Tra le catastrofi che interessarono il pianeta prende corpo l’ipotesi di un diluvio universale di cui si ha traccia nei testi sacri, nelle fonti orali e letterarie di tutte le civiltà. Secondo l’ipotesi di Ryan-Pitman, il Mar Nero, avrebbe subito una inondazione repentina da parte delle acque provenienti dal Mar Mediterraneo intorno all’ottomila a.C. Per dovere di completezza vanno segnalate anche le tesi di segno opposto affermate da altrettanti autorevoli studiosi, secondo i quali sarebbero state le acque provenienti dal Mar Nero a riempire la depressione dell’area mediterranea.

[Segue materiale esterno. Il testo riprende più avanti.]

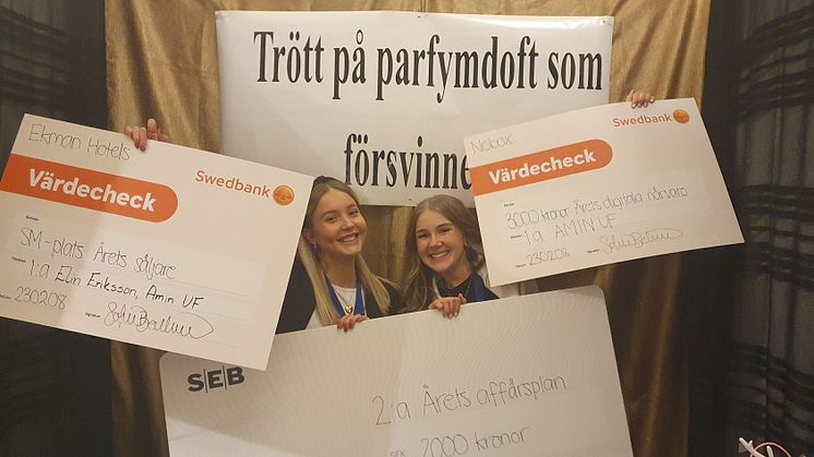 Amanda Andersson och Elin Eriksson från Fria Läroverk Karlstad ligger bakom UF-företaget AMIN UF som skördade stora framgångar på UF-mässan på Karlstad CCC. Elin vann kategorin årets säljare, företaget kom på en andraplats i kategorin årets affärsplan och vann kategorin årets digitala närvaro.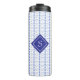 Tome sus bebidas para ir con este lindo tumbler termal de rayas de corazón de campo vintage con su monograma personalizado inicial o nombre. Este tierno tumbler térmico personalizado de corazones de este país vintage con monograma personalizado presenta un patrón repitiéndose a mano de corazones azules sobre un fondo blanco. Este lindo patrón de rayas de corazón es un patrón original hecho por OhMyStarling!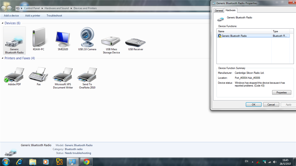 กลับมายังคำถามของคุณ ที่ได้เเจ้งมายังทีมงานของเราว่า ได้มี error code 43 จากอุปกรณ์ USB Adapter นั้น ลองเเก้ปัญหาดังกล่าว โดยลองใช้ Hotfix Download Available ตาม KB 982046 ตามลิงค์ข้างล่างนี้ นะครับ;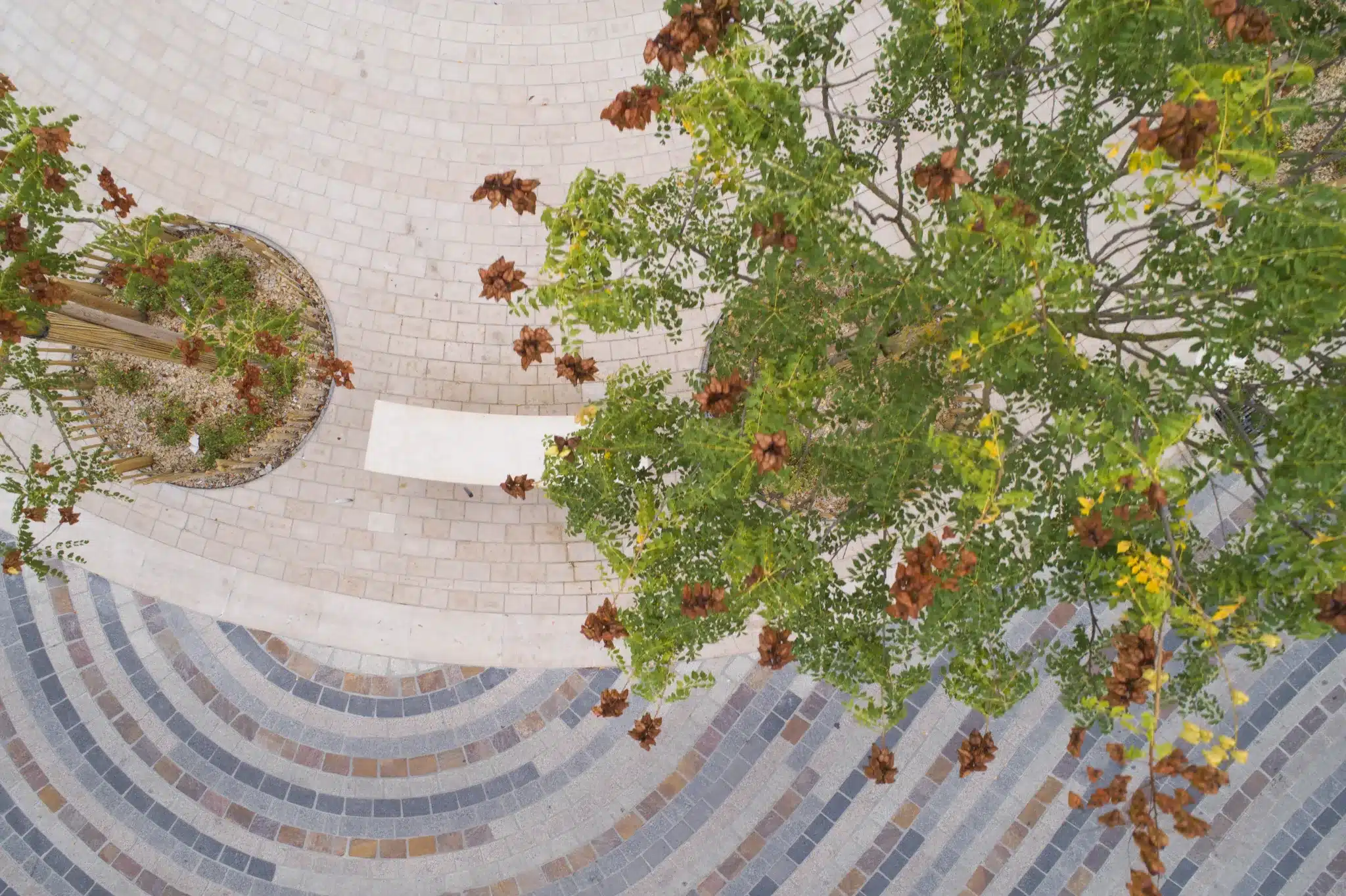 Nous défendons une approche engagée du paysage, intégrant la désimperméabilisation des sols, la gestion des eaux pluviales, le réemploi des matériaux et la mise en valeur du cadre existant.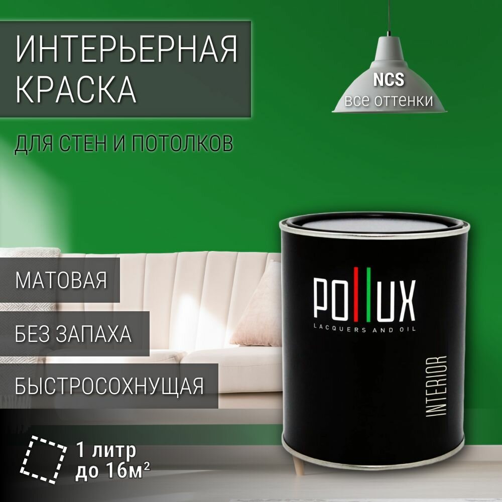 Краска моющаяся интерьерная для стен и потолков, Pollux INTERIOR без запаха, быстросохнущая, акриловая, матовое покрытие, цвет NCS S 2570-G20Y, 1л. информация: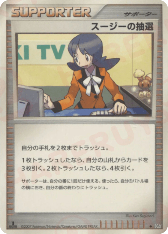 自分の手札を2枚までトラッシュ。<br> 1枚トラッシュしたなら、自分の山札からカードを3枚引く。2枚トラッシュしたなら、4枚引く。 サポートは、自分の番に1枚しか使えない。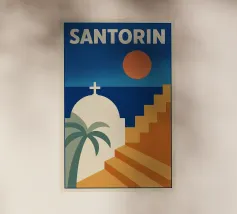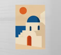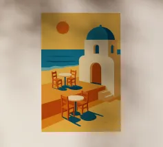 Immergetevi nella magia di Santorini con questo poster minimalista e poetico. Cupole bianche, scale inondate di luce, il Mar Egeo e il tramonto creano uno scenario di totale evasione. Lo stile grafico raffinato e i toni pastello evocano le vacanze, la calma e l'eterna bellezza delle isole greche. Appendetelo e fuggite semplicemente guardandolo.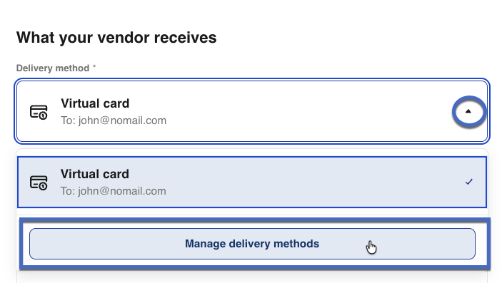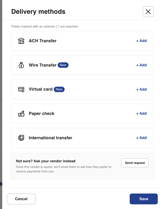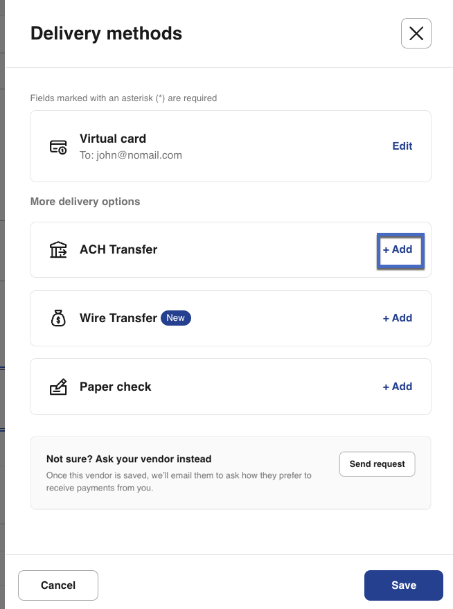 14- Select how the vendor will receive payment. Available delivery options include ACH bank transfer, paper check, or sending a payment method request to your vendor: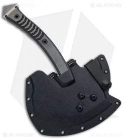 The Maserin Combat Tomahawk offers a heavy duty combat axe for your most extreme tactical needs. This model is built with gray G-10 handle and a full tang D2 steel blade with a rounded tail spike. It features a bearded head and an extended striker tang. Item includes a MOLLE compatible sheath.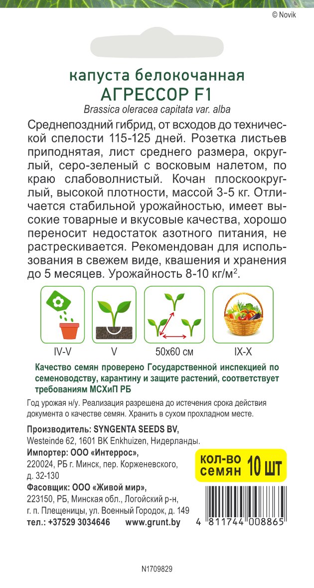 Капуста белокоч. Агрессор F1 (Syngenta) 10 шт, РБ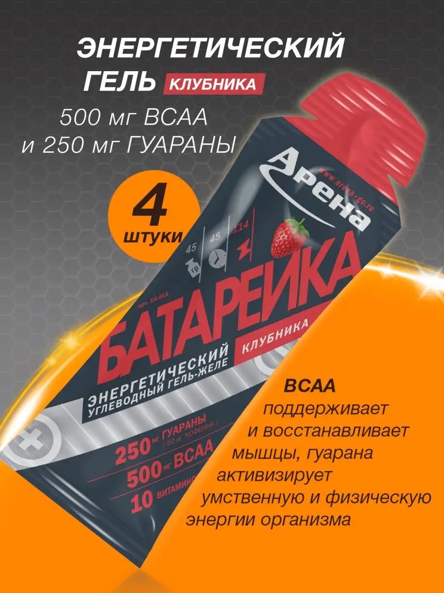 Арена Энергетический гель С ВСАА и кофеином, клубника, 4 шт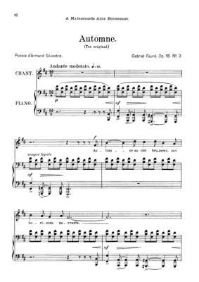 Automne Op.18 No.3 - Sheet Music for Medium Voice and Piano Gabriel Fauré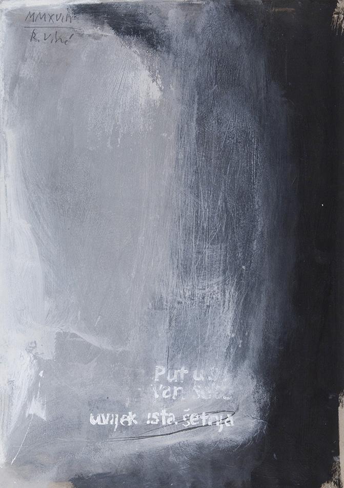 Prema riječima kustosice, ujedno i autorice predgovora kataloga Višnje Slavice Gabout, U kontrapunktu možemo smatrati problemsko-tematskim interdisciplinarnim, intermedijskim projektom, koncipiranim za Galeriju Decumanus, u kojem se, na zadanu temu, okupljaju i zajednički izlažu istaknuti suvremeni umjetnici. Točnije, u kojem se, naizgled sučeljavaju, ali ustvari združuju, a kroz zadanu tematsku matricu i propituju efekti tog sučeljavanja i združivanja; odnosno, međusobnog djelovanja različitih pristupa, izričaja, medija i disciplina. Svako izdanje ovog izložbenog projekta povezuje dvoje ili više autora, dvije ili više samostalne autorske dionice, i to kroz intermedijsku i interdisciplinarnu sinergiju problematizirajući sličnosti u različitosti. Autori na prvi pogled međusobno nekompatibilnih pristupa i poetika, združeni u izložbenu cjelinu projekta, stupaju na kraju u skladne vizualne dijaloge, u novom okruženju ulazeći u nove i zanimljive odnose. Projektom U kontrapunktu, nastavlja Gabout, zamišljeno je povezivati izrazite autorske osobnosti u naizgled neočekivane cjeline i intrigantna zajedništva, ujedinjena medijem ili tematskim konceptom, te ih tako uvesti u suvremenu igru izazovnih vizualnih interakcija. Unatoč različitostima u individualnosti, autoritarnosti osobnih autorskih identiteta i prividnim suprotnostima, namjera je uvesti vizualnu komunikaciju, suglasje i medijski razgovor. Isto tako, namjera je da se, unatoč interferencijama i razlikama, u konačnici pokažu sličnosti i doticanja, pa i preklapanja; onaj zajednički nazivnik, koji njihov susret pretvara u diskurzivni dijalog. Najnovije izdanje projekta U kontrapunktu: Trag, dodaje Gabout, koji okuplja radove akademske slikarice Roberte Vilić i fotografkinje Renate Škrinar, temelji se na diskurzivnom pristupu, a propituje vizualno-semantičko bogatstvo koje proizlazi iz specifičnog sinergijskog odnosa slikarskog i fotografskog medija, u kojem su slikarstvo i fotografija, premda naizgled u stalnom kontrapunktu, u uzajamno inspirirajućem odnosu, u kojem se ne sukobljavaju, već se na kreativan način nadopunjuju, stapajući se u harmoniju doživljaja. Vizualna strategija zasnovana je tu na preklapanju viđenoga, fotografiranoga i slikarskim medijem transformiranoga; na stvaralačkom postupku akcije i reakcije; na stalnim medijsko - semantičkim izazovima; na interaktivnoj koegzistenciji; i na profinjenoj igri međusobnih autorskih parafraza. Obje autorice polaze od konkretnoga i viđenoga, a onda pretvaraju stvarnost u autorski modificiranu vizualnu informaciju, koju transkribiraju iz jednog medijskog sustava u drugi, mijenjajući i spajajući svjetove, propitujući prostor, vrijeme i zbilju, izazivajući osjetila - i uvijek tražeći ne samo emotivnu, nego i mentalnu aktivnost. U njihovim radovima, tumači Gabout, zbog višestrukih transkripcija, dvojak je doživljaj prostora i vremena. S jedne strane, osjeća se prolaznost, jer se iščitavaju tragovi protjecanja vremena i znakovi naslaganih sedimenata bivanja, otisci mijena i transgresija. S druge, prisutan je osjećaj zaustavljenosti, bezvremenosti i utišane poetičnosti; i neka posebna atmosfera kontemplacije i suzdržane emotivnosti. Premda je realnost tu polazište, stalni prijelaz iz jednog medija u drugi čini je neodredljivom i izmičućom, pa se pojavljuje u različitim vidovima: u apstraktnoj slici kao enformelovska vizualno-materijalna osjetilnost, u fotografiji kao neopipljiva opipljivost, a u slici inspiriranoj takvom fotografijom kao materičnost i stvarnost sama po sebi. Fotografija i slika tako, združene kao dvojstvo u komunikaciji, postaju prostori stalno promjenjivih tragova, stvarajući svojim interferencijama i interakcijama doživljaj obrnute ili druge stvarnosti, time iskoračujući iz svojih tradicionalnih, standardnih okvira i krećući se tragom suvremenosti, zaključuje naposljetku Gabout.
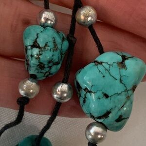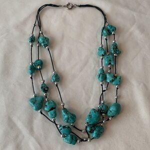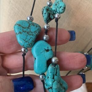 Turquoise natural stone southwestern chunky raw bead stations double strand boho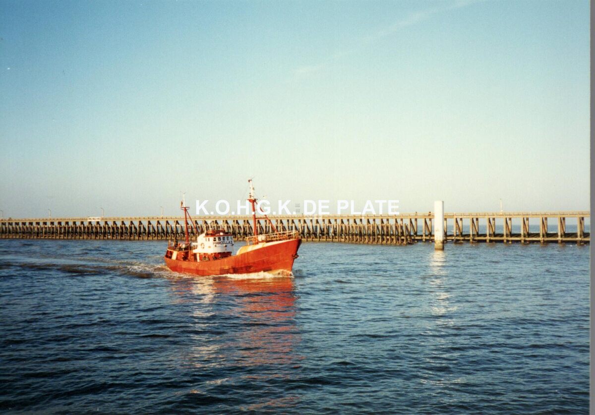 Formaat : 9 x 12,5 cm. - Sportvissersvaartuig Marcella II in de havengeul met in de achtergrond het Ooststaketsel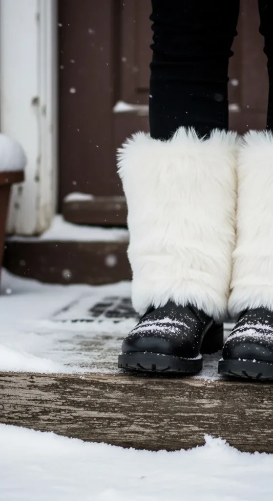 Add some winter magic to your boots by making snowy boot covers from faux fur. Simply cut the faux fur into a long strip and attach it around the top of your boots. These covers will make your boots look extra cozy and festive.
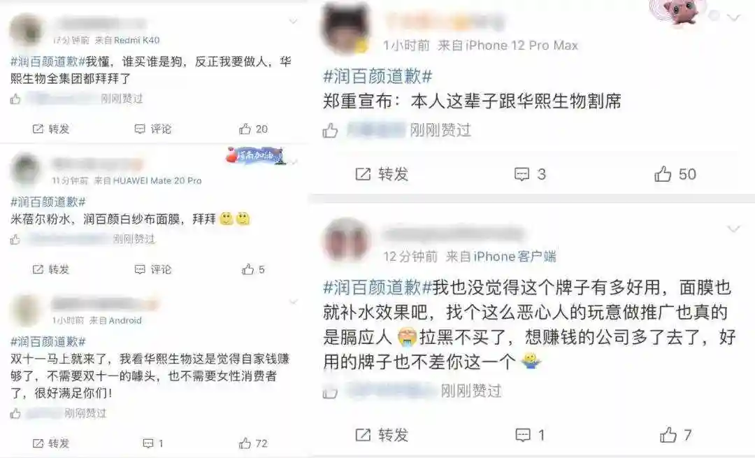 这次孙笑川推广润百颜事件发酵后,许多消费者表示不会再选择华熙生物旗下任何品牌,更有消费者表示会倒戈至华熙生物的竞对品牌。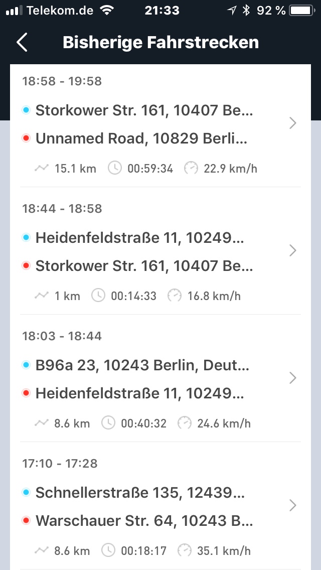 Die App nennt mir Durchschnittsgeschwindigkeiten von 16,8 bis 35,1 km/h. Wie die sich genau berechnet weiß ich nicht. Kurze Pausen werden vermutlich rausgerechnet. Anders kann ich mir nicht erklären, warum ich einmal 8,6km in 18 Minuten gefahren sein soll bei 35 km/h und einmal 8,6 km in 40 Minuten bei 24,6 km/h.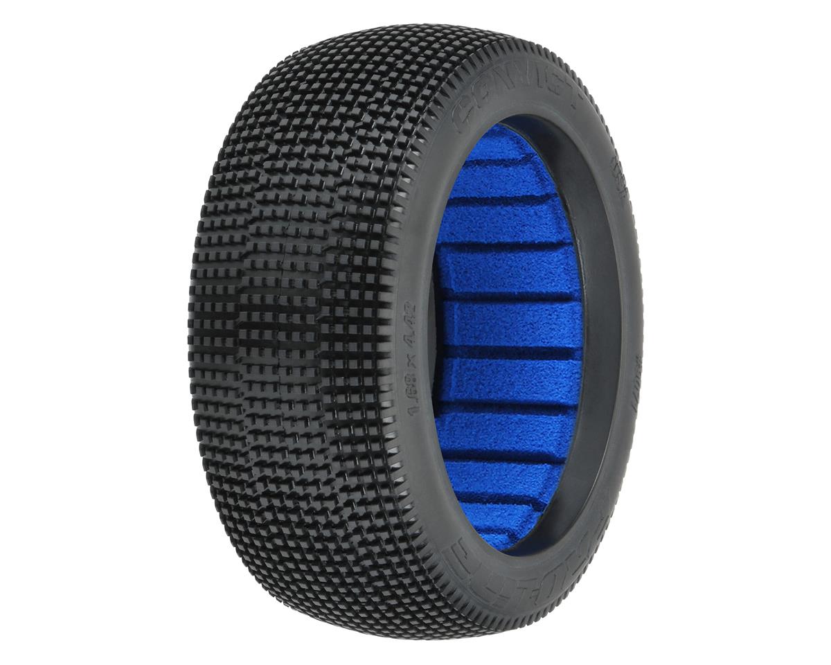 Pro-Line Convict 1/8 Buggy Tires are an updated version of the World Champion Fugitive tires. The Fugitive tires were developed with a long lasting tread that was produced for the harshest conditions. However, on most racetracks, you don't need that much tread. Enter the Convict tires. Featuring smaller and more spaced-out tread, so it has the speed for qualifying while still having the right amount of tread to last long main events. Strategically placed small connecting bars improve the stability of the tire tread, which is especially important when used in softer compounds. Package includes two tires with foams.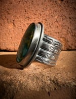 Hand wrought Heavy Ingot from repurposed early 1890s Sterling Silver, cold chiseled split band, stamped, filed and crowned with a beautiful vibrant Oval Green, Blue & Earthy Matrix High Grade Patagonia Turquoise (Arizona). Built to last generations!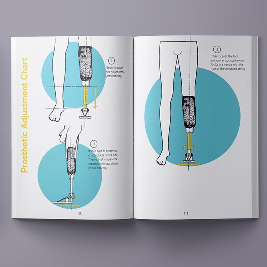 Riny’nin yüksek lisans projesi, farklı ihtiyaçlara uygun üç farklı kendin yap bacak protezi ve illüstrasyonlu bir yapım kılavuzu içeriyor. Tasarımcı, kılavuzun çevrimiçi olarak kullanıma sunulmasını ve ayrıca yerel işletmeler ve STK’lar aracılığıyla dağıtılmasını hedefliyor.

Per quanto noi non possediamo i numeri per inserirci nell’accademico diverbio, osiamo tuttavia esporre l’esistenza di una terza possibilità: man mano che i ghiacciai che coprivano la calotta terrestre dal polo nord fino a Milano si scioglievano, le acque dolci alimentavano, da un lato il Danubio che si riversava nel Mar Nero, dall’altro l’oceano Atlantico che, attraverso lo stretto di Gibilterra, si riversava nel Mar Mediterraneo.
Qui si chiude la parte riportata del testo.